## Data segment
—————

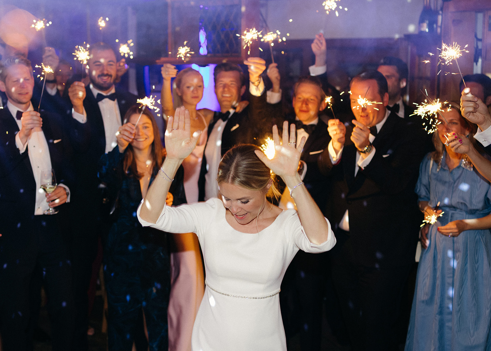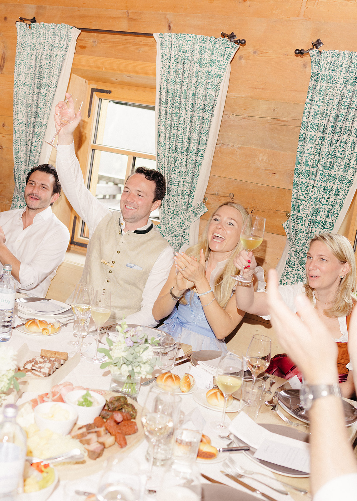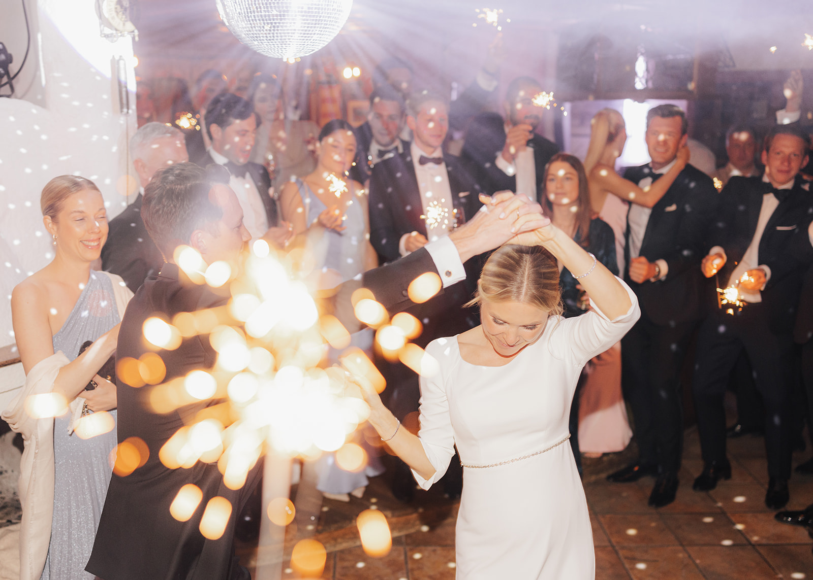 Nach einer gezielten Pause am späteren Nachmittag, kleideten sich die Gäste dem Motto entsprechend elegant – Black Tie war angesagt für das abendliche Wedding Dinner & die Party im Hotel Goldener Berg. Die Braut, gekleidet in einem traumhaften Kleid von Jesús Peiró, begeisterte mit Stil und Eleganz. DJ & Open-End-Party rundeten den Abend perfekt ab.
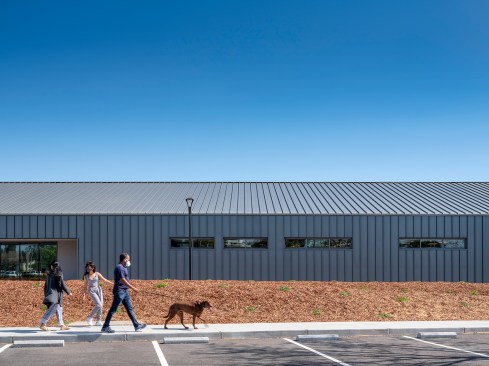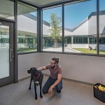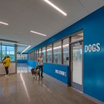 The County’s new Animal Services Center has capacity for 54 dogs and 90 cats, with spaces for other types including small animals like rabbits, guinea pigs and birds. To house and highlight larger livestock animals, a barn is situated along the main building frontage, increasing its visibility. Prominent interior glass walls and a central courtyard in the state-of-the-art 36,000-square-foot building highlight animals and community engagement spaces. Taking a distinct departure from traditional shelter design, dog kennels are organized around an outdoor landscaped courtyard named “The Park.” Together with surrounding “Get Acquainted” pods, the experience offers a bright and open area to meet and greet potential pets in a natural park-like environment.
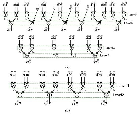In the case of Strassen’s multiplication of two 2 × 2 matrices, the computation step required to obtain each element of the result matrix is different whereas the arithmetic steps to compute each element in naïve multiplication are uniform []. For instance, as shown in Figure 3a and Figure 4a, in the multiplication of two 2 × 2 matrices to get C11, C12, C21 and C22, computing C11 requires four arithmetic steps, whereas computing C12 requires three steps. However, as shown in Figure 3b and Figure 4b, in naïve multiplication, each result requires the same four arithmetic steps. The more the arithmetic steps, the more memory they require, which leads to additional power consumption. Furthermore, the larger the matrix size, the more irregular the arithmetic steps become. For example, to calculate a 4 × 4 Strassen’s multiplication, the total number of arithmetic steps is eight, and it requires six to eight steps depending on elements in the final product matrix. In contrast, the naïve multiplication requires only the same three steps for every element in the final result. This means that, as the size of the matrix increases, Strassen’s multiplication requires more memory than naïve multiplication, and the steps involved in computing the result shall become more irregular. The performance and the hardware cost of a pipelined implementation are approximately determined by how appropriately pipeline stages are divided [,]. In addition, if the delay in each pipeline is uneven, such irregularity causes a significant complexity increase and energy inefficiency []. Thus, it is not straightforward to determine the pipeline stages and the balanced delay of each pipeline stage because of the irregular arithmetic steps.

—————

## Required action
Your reply must match the data above line for line, except that it holds no pictures.

## Task answer
 Nach einer gezielten Pause am späteren Nachmittag, kleideten sich die Gäste dem Motto entsprechend elegant – Black Tie war angesagt für das abendliche Wedding Dinner & die Party im Hotel Goldener Berg. Die Braut, gekleidet in einem traumhaften Kleid von Jesús Peiró, begeisterte mit Stil und Eleganz. DJ & Open-End-Party rundeten den Abend perfekt ab.
 The County’s new Animal Services Center has capacity for 54 dogs and 90 cats, with spaces for other types including small animals like rabbits, guinea pigs and birds. To house and highlight larger livestock animals, a barn is situated along the main building frontage, increasing its visibility. Prominent interior glass walls and a central courtyard in the state-of-the-art 36,000-square-foot building highlight animals and community engagement spaces. Taking a distinct departure from traditional shelter design, dog kennels are organized around an outdoor landscaped courtyard named “The Park.” Together with surrounding “Get Acquainted” pods, the experience offers a bright and open area to meet and greet potential pets in a natural park-like environment.
In the case of Strassen’s multiplication of two 2 × 2 matrices, the computation step required to obtain each element of the result matrix is different whereas the arithmetic steps to compute each element in naïve multiplication are uniform []. For instance, as shown in Figure 3a and Figure 4a, in the multiplication of two 2 × 2 matrices to get C11, C12, C21 and C22, computing C11 requires four arithmetic steps, whereas computing C12 requires three steps. However, as shown in Figure 3b and Figure 4b, in naïve multiplication, each result requires the same four arithmetic steps. The more the arithmetic steps, the more memory they require, which leads to additional power consumption. Furthermore, the larger the matrix size, the more irregular the arithmetic steps become. For example, to calculate a 4 × 4 Strassen’s multiplication, the total number of arithmetic steps is eight, and it requires six to eight steps depending on elements in the final product matrix. In contrast, the naïve multiplication requires only the same three steps for every element in the final result. This means that, as the size of the matrix increases, Strassen’s multiplication requires more memory than naïve multiplication, and the steps involved in computing the result shall become more irregular. The performance and the hardware cost of a pipelined implementation are approximately determined by how appropriately pipeline stages are divided [,]. In addition, if the delay in each pipeline is uneven, such irregularity causes a significant complexity increase and energy inefficiency []. Thus, it is not straightforward to determine the pipeline stages and the balanced delay of each pipeline stage because of the irregular arithmetic steps.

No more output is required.